The Second Circuit in Viacom v. YouTube held that the “difference between actual and red flag knowledge is . . . not between specific and generalized knowledge, but instead between a subjective and an objective standard.”[20] The court arrived there by focusing on the removal obligation, reasoning that “expeditious removal is possible only if the service provider knows with particularity which items to remove.”[21] And it rejected an “amorphous obligation” to investigate “in response to a generalized awareness of infringement.”[22] By limiting red flag knowledge to specific instances of infringement, the Second Circuit severely curtailed the obligations of service providers to police infringements on their systems. The entire point of red flag knowledge is to place a burden on the service provider to investigate the infringing activity further so that the specific material can be removed.[23]

The Ninth Circuit followed suit in UMG Recordings v. Shelter Capital, holding that red flag knowledge requires specificity.[24] The court reasoned that requiring “specific knowledge of particular infringing activity makes good sense” because it will “foster cooperation” between copyright owners and service providers “in dealing with infringement” online.[25] This “cooperation,” according to the Ninth Circuit, would come from takedown notices sent by copyright owners, who “know precisely what materials they own, and are thus better able to efficiently identify” infringing materials than service providers, “who cannot readily ascertain what material is copyrighted and what is not.”[26] Of course, this is not the shared-responsibility approach envisioned by Congress, and it conflates the red flag knowledge standards with the obligation to respond to takedown notices—separate provisions in Section 512.

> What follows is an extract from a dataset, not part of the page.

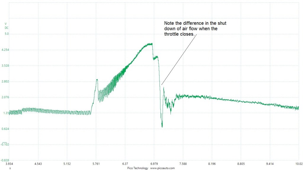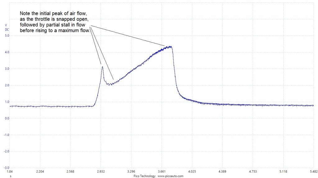 If we add in another channel, showing the accelerator pedal, we get better idea of progressive increase and decrease in air flow.

Perhaps the most significant gutting of red flag knowledge can be found in the Second Circuit’s opinion in Capitol Records v. Vimeo.[27] The district court below had held that it was a question for the jury whether full-length music videos of current, famous songs that had been viewed by the service provider amounted to red flag knowledge.[28] But the Second Circuit disagreed that there was any jury question: “[T]he mere fact that a video contains all or substantially all of a piece of recognizable, or even famous, copyrighted music and was to some extent viewed . . . would be insufficient (without more) to sustain the copyright owner’s burden of showing red flag knowledge.”[29] That this gloss on red flag knowledge “reduces it to a very small category” was of “no significance,” the Second Circuit reasoned, since “the purpose of § 512(c) was to give service providers immunity, in exchange for augmenting the arsenal of copyright owners by creating the notice-and-takedown mechanism.”[30]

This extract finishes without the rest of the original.